Purification and characterization of pepsin enzyme from Scomberomorus commerson mackerel’s stomach by aluminum hydroxide, and improved its thermal stability by graphene oxide nanosheet

Abstract In the present study, pepsinogen enzyme was purified from the S. commerson viscera in 7 steps, including; (1) using a buffer containing NaCl and CaCl 2 , (2) Acidification, (3) precipitation by dried sulfate ammonium, (4) Aluminum hydroxide gel, (5) Saturated ammonium sulfate, (6) Gel filtration Sephadex G-50, and (7) Anion-exchange DEAE-cellulose.
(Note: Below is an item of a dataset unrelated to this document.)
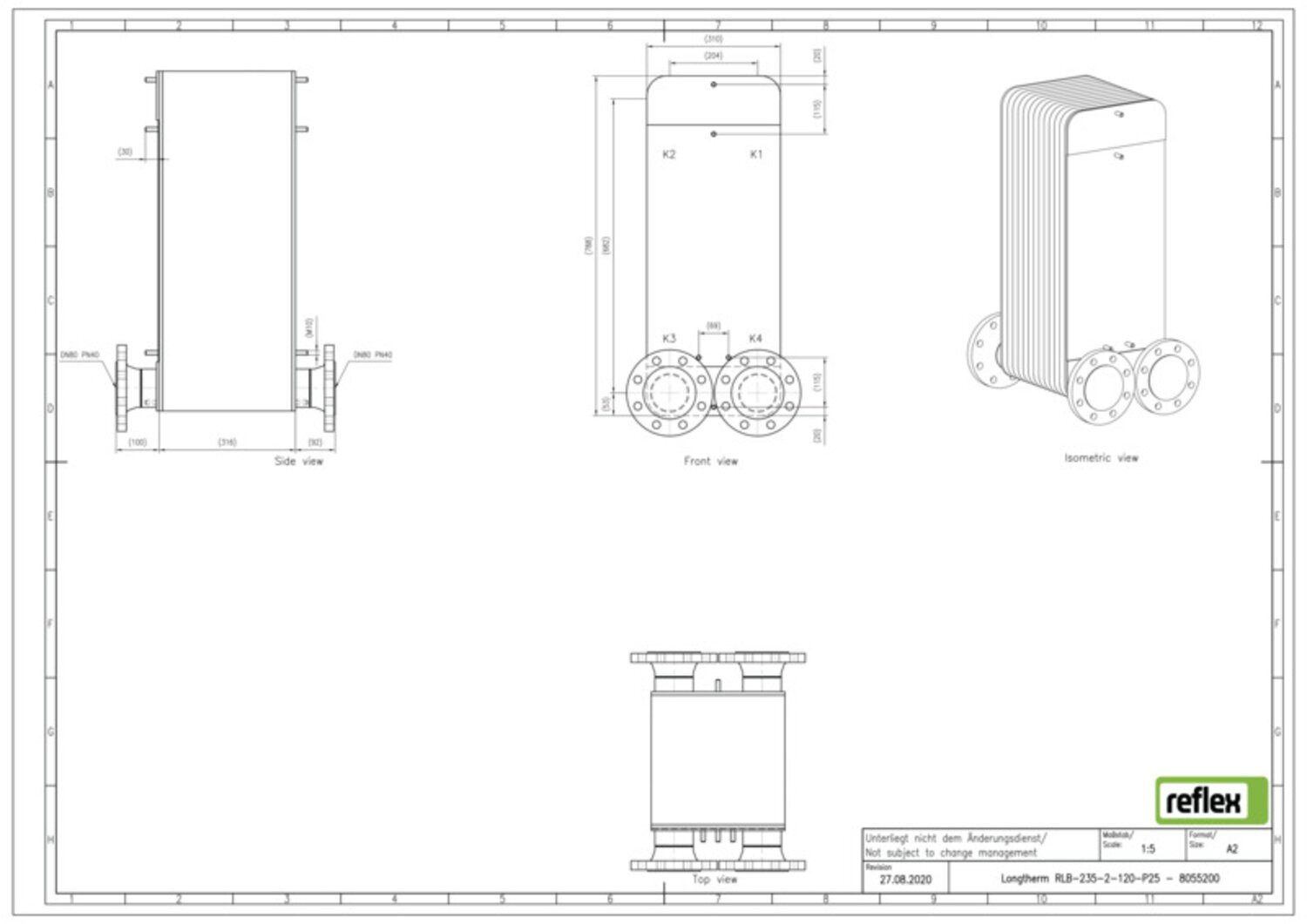 Reflex Wärmetauscher Longtherm RLB-235-2-120, Plattenzahl 120, gelötet, Edelstahl, zweigängig

Purified pepsinogen converted into pepsin quickly at pH 2.0, and its optimum pH and temperature were 2, and 37 °C. Hence, ammonium sulfate with 67/5 % saturation showed the highest activity and protein precipitation. Besides, results showed that 18% Alum gel had the highest enzyme activity in the precipitate formed during dialysis. Furthermore, pepsin activity was stopped above 50 °C, but immobilized pepsin on GO-PEG maintained it up to a temperature of 65 °C. Purified pepsin was completely inactive in the presence of 0.1 M pepstatin A. Catalytic constants K M and k cat for proteolysis of acid-denatured hemoglobin were 35/39 ± 0.03 M, and 5.3 ± 0.002 × 10 -5 S -1 , respectively. Finally, based on the obtained results, it can be suggested that the use of aluminum hydroxide gel and graphene oxide can be a suitable approach for purifying pepsin enzyme from fish viscera and improving their thermal stability.